»»

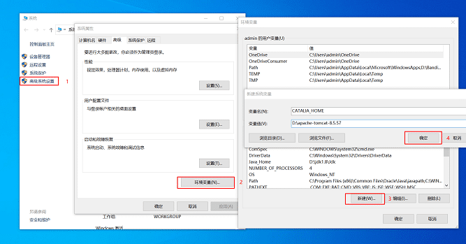 選中Path變量,雙擊Path變量。彈出框中選擇【新建】,在光標閃爍的空白處填寫:D:\apache-tomcat-8.5.5\bin
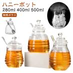 耐熱ガラス 蜂蜜 ハニーディスペンサー 蜂蜜入れ 蓋付き ガラス 攪拌棒付き かわいい 250ml 大容量 耐熱ガラス 透明 蜂蜜ボトル ハニーポット
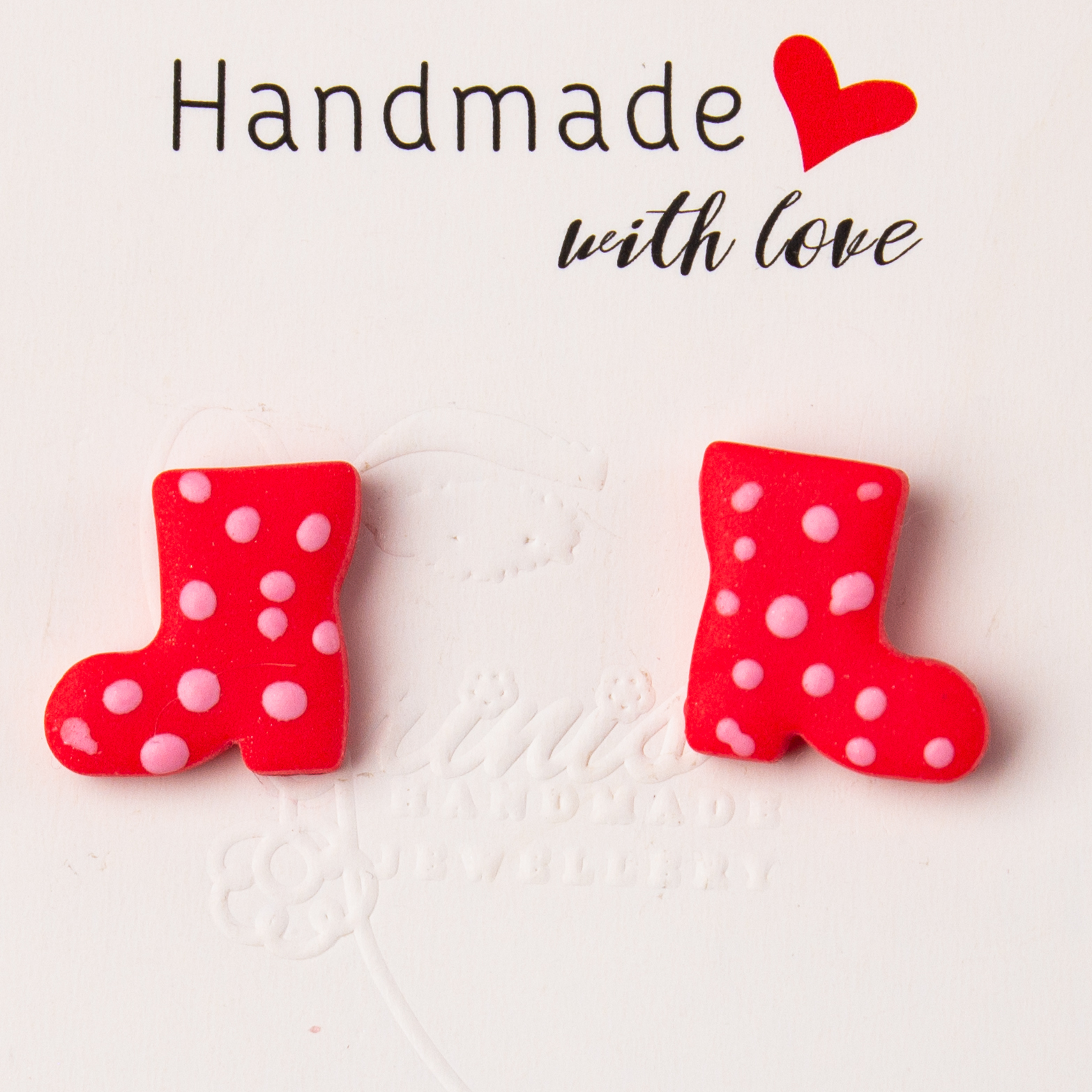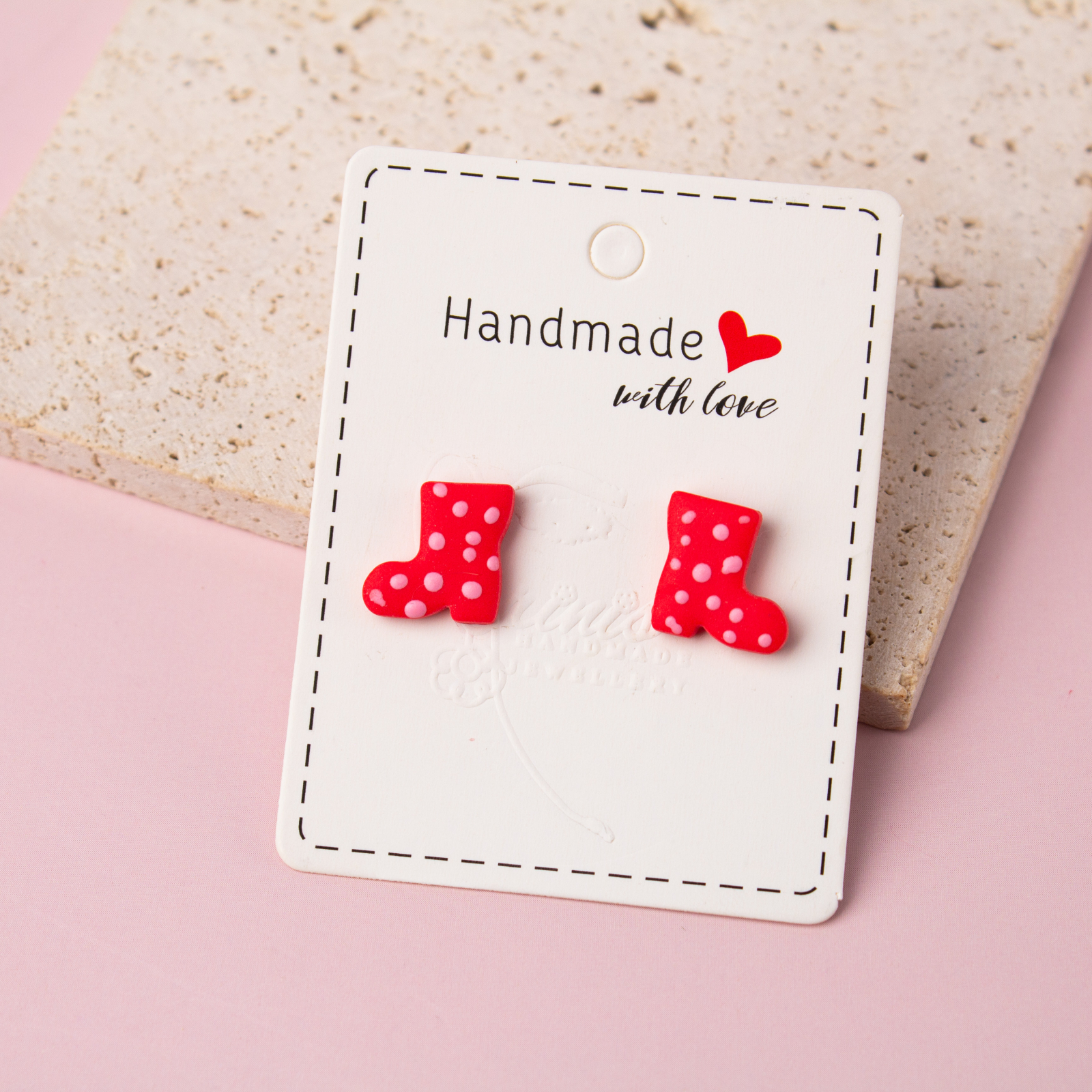 Această pereche de cercei mici din lut polimeric în formă de ghetuțe cu buline te va duce înapoi în timp, la zilele copilăriei, când purtai cu bucurie ghete de ploaie roșii cu buline. Amuzanți și adorabili, acești cercei sunt o reminiscență a jocului și al inocenței vremurilor trecute. Cu un design ludic și o notă de nostalgie, acești cercei sunt nu doar accesorii, ci și povești mici purtate la urechi.
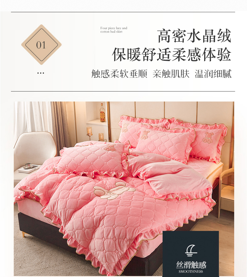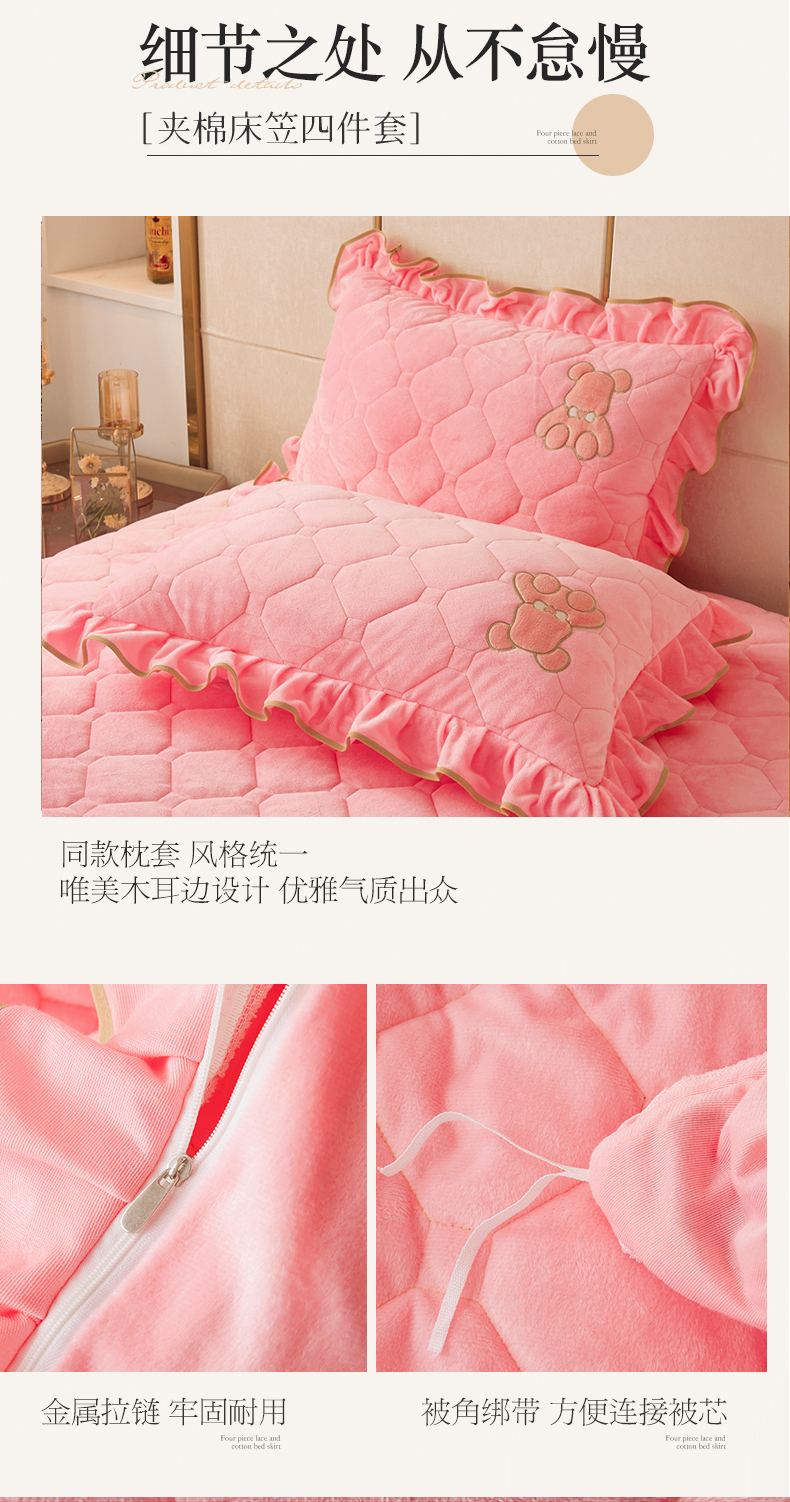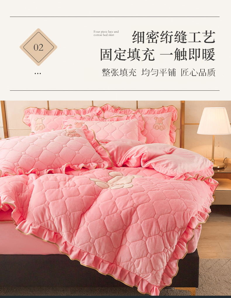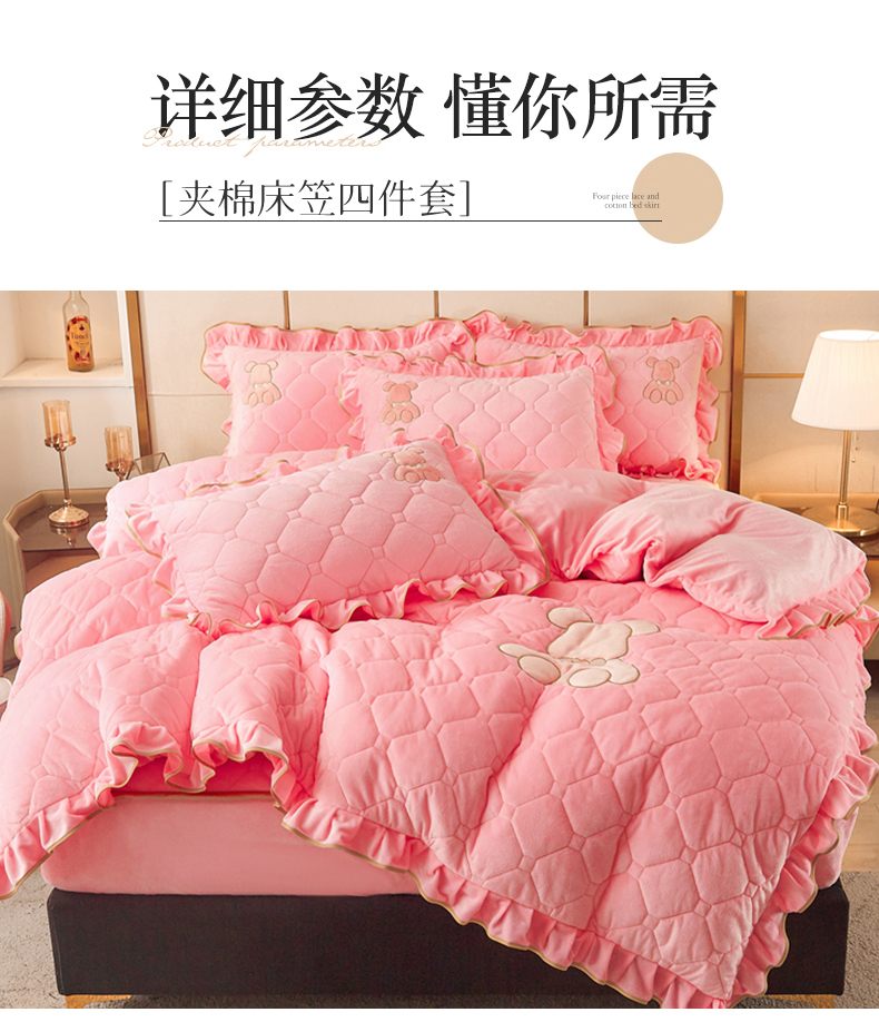 (总)屹成家纺2025新款水晶绒夹棉绗缝床裙四件套(塞纳河畔)四件套起售价不低于230元,大红,豆沙,翡翠绿,粉玉,橄榄绿,蔚蓝,银灰
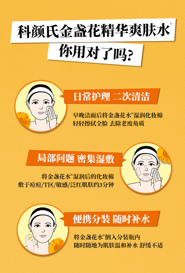 包装清单(套装) :金盏花植萃爽肤水250ml 高保湿清爽霜50ml

««

Copy the records exactly, minus any pictures.

 選中Path變量,雙擊Path變量。彈出框中選擇【新建】,在光標閃爍的空白處填寫:D:\apache-tomcat-8.5.5\bin
 耐熱ガラス 蜂蜜 ハニーディスペンサー 蜂蜜入れ 蓋付き ガラス 攪拌棒付き かわいい 250ml 大容量 耐熱ガラス 透明 蜂蜜ボトル ハニーポット
 Această pereche de cercei mici din lut polimeric în formă de ghetuțe cu buline te va duce înapoi în timp, la zilele copilăriei, când purtai cu bucurie ghete de ploaie roșii cu buline. Amuzanți și adorabili, acești cercei sunt o reminiscență a jocului și al inocenței vremurilor trecute. Cu un design ludic și o notă de nostalgie, acești cercei sunt nu doar accesorii, ci și povești mici purtate la urechi.
 (总)屹成家纺2025新款水晶绒夹棉绗缝床裙四件套(塞纳河畔)四件套起售价不低于230元,大红,豆沙,翡翠绿,粉玉,橄榄绿,蔚蓝,银灰
 包装清单(套装) :金盏花植萃爽肤水250ml 高保湿清爽霜50ml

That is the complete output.